Copy every entry word for word, but skip the pictures.

════

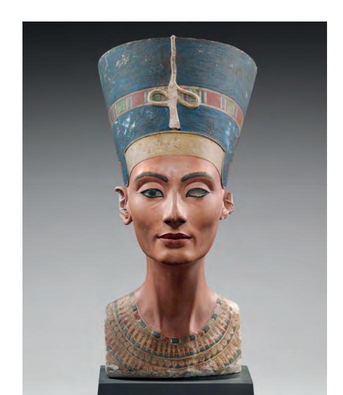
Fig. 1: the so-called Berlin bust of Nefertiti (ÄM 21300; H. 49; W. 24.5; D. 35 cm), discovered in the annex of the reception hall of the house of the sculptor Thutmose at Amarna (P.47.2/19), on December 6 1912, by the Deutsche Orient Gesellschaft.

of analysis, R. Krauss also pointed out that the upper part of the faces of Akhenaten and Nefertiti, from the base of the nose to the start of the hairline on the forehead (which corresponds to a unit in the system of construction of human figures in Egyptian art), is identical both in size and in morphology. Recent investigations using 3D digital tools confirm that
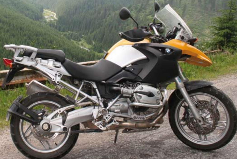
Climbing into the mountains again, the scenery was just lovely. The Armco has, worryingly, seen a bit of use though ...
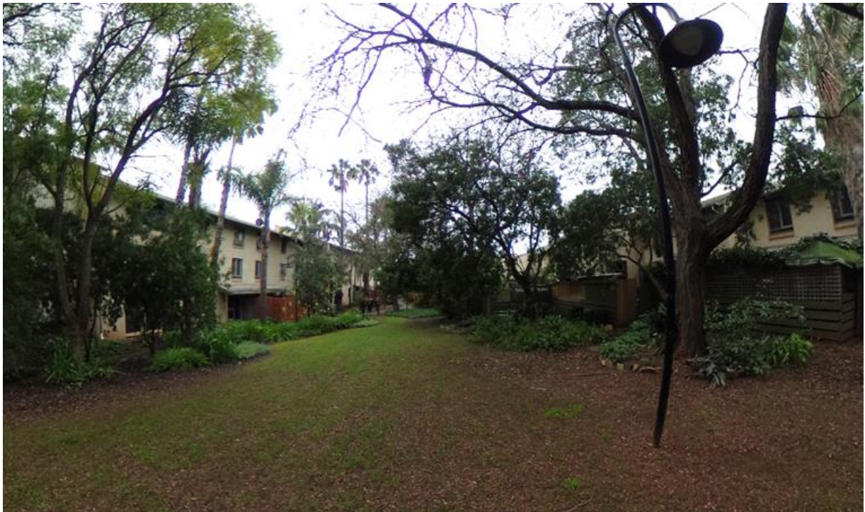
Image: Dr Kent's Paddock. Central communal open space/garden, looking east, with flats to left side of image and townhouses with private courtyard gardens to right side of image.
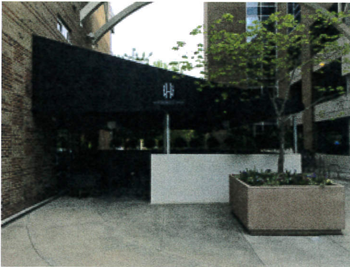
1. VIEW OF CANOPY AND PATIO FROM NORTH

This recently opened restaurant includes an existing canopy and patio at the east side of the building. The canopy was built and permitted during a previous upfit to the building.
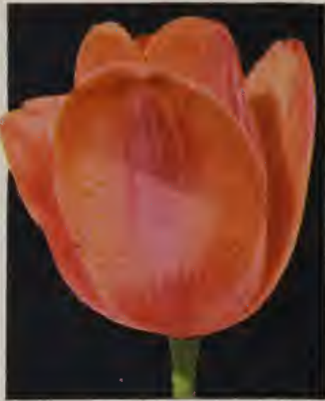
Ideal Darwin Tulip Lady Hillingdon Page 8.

════

■ Solution to this task ■
Fig. 1: the so-called Berlin bust of Nefertiti (ÄM 21300; H. 49; W. 24.5; D. 35 cm), discovered in the annex of the reception hall of the house of the sculptor Thutmose at Amarna (P.47.2/19), on December 6 1912, by the Deutsche Orient Gesellschaft.

of analysis, R. Krauss also pointed out that the upper part of the faces of Akhenaten and Nefertiti, from the base of the nose to the start of the hairline on the forehead (which corresponds to a unit in the system of construction of human figures in Egyptian art), is identical both in size and in morphology. Recent investigations using 3D digital tools confirm that
Climbing into the mountains again, the scenery was just lovely. The Armco has, worryingly, seen a bit of use though ...
Image: Dr Kent's Paddock. Central communal open space/garden, looking east, with flats to left side of image and townhouses with private courtyard gardens to right side of image.
1. VIEW OF CANOPY AND PATIO FROM NORTH

This recently opened restaurant includes an existing canopy and patio at the east side of the building. The canopy was built and permitted during a previous upfit to the building.
Ideal Darwin Tulip Lady Hillingdon Page 8.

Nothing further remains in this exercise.